The cookie-replacement industry. The goal is a stable cross-device, cross-site, cross-channel identifier rooted in something the user provided once.

- **Hashed email (HEM)** — SHA-256 (and MD5 / SHA-1 historically) of a normalized email address. Treated as pseudonymous in industry, but it is deterministic — anyone who has the email and the same normalization can compute the hash.
- **Unified ID 2.0 (UID2)** — open-source framework. The user's email is salted, hashed, and encrypted into a token; tokens rotate. Promoted by The Trade Desk; widely integrated by SSPs, DSPs, and CDPs.
- **ID5** — probabilistic + deterministic universal ID for ad bidstream.
- **LiveRamp RampID / ATS (Authenticated Traffic Solution)** — RampID is a pseudonymous person-level identifier resolved from offline PII (name, postal address, email, phone) via LiveRamp's AbiliTec graph. ATS exchanges a publisher-side hashed email for a RampID at page load. Cross-walks to UID2 are standard.
- **Other universal IDs** — The Trade Desk's EUID (EU-only), Criteo ID for Exchanges, Lotame Panorama ID, Merkle Merkury, Epsilon CORE ID, Neustar Fabrick.
- **Probabilistic device graphs** — match devices by IP + UA + visit timing without a deterministic key. Mostly a fallback now.
- **Customer Match / Audience Match** — advertiser uploads hashed emails/phones; the platform matches against its logged-in user base. Available on Google, Meta, LinkedIn, X, TikTok, Amazon, Snap.
- **Data clean rooms** — Google Ads Data Hub, Amazon Marketing Cloud, Snowflake/LiveRamp/Habu rooms — two parties join their identity graphs without exporting raw PII to each other.

---

## 7. First-party / account-based collection

The strongest signal is the one the user volunteers.

- **Login identity** (email, phone, social ID).
- **Newsletter and account signup forms.**
- **Loyalty programs** — barcode/email at point of sale ties offline purchases to the online graph.
- **CRM / CDP ingestion** — Salesforce, Segment, Rudderstack, mParticle, Hightouch.
- **Customer support transcripts, chat logs, voice calls** (now often transcribed and embedded).
- **Survey/quiz funnels** — gather declared preferences + email.
- **In-product telemetry** — feature flags, A/B-test cohort, error reports.

---

## 8. Server-side and "post-cookie" tracking

The shift since ~2022. Instead of the browser pinging the ad network, the site's own server pings the ad network's API.

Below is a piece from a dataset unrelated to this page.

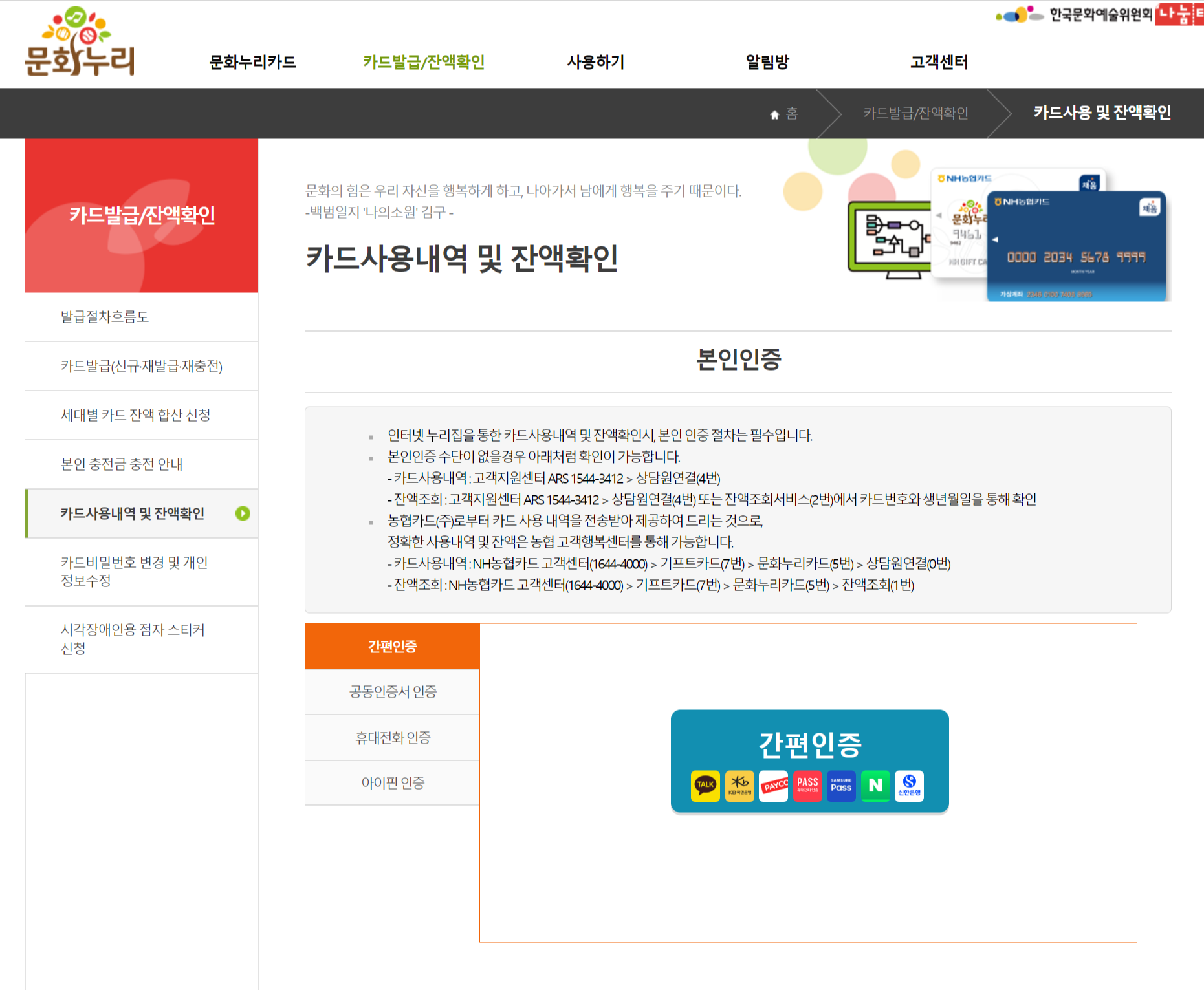pc를 이용하는 경우, 문화누리카드 홈페이지에서 간단하게 확인이 가능합니다만, pc 확인이 어려운 경우 아래 다른 방법들을 참고하시기 바랍니다.

- **Meta Conversions API (CAPI)** — server-to-server event ingestion. Standard practice in 2026 alongside the Pixel; the two are deduplicated by `event_id`. Recovers events that ad blockers and ITP suppress.
- **Google Enhanced Conversions / Google Ads API / GA4 Measurement Protocol** — same pattern.
- **TikTok Events API**, **LinkedIn Conversions API**, **Pinterest Conversions API**, **Snap CAPI**, **X/Twitter CAPI**, **Reddit CAPI** — every major ad network now has one.
- **Server-side Google Tag Manager (sGTM)** — a customer-controlled tagging server (often on a first-party subdomain) that receives browser events and fans them out to ad networks server-side. Also used to set first-party cookies with longer lifetimes than browser-set ones.
- **Reverse proxy + first-party tag hosting** — `cdn.site.com/track.js` proxied to a vendor's CDN to dodge blocklists.
- **Data warehouse activation** — Reverse-ETL (Hightouch, Census) syncs Snowflake/BigQuery audiences directly to ad platforms via Customer Match.
- **Event collectors** — Snowplow, Jitsu, RudderStack — self-hosted analytics stacks that the site fully controls.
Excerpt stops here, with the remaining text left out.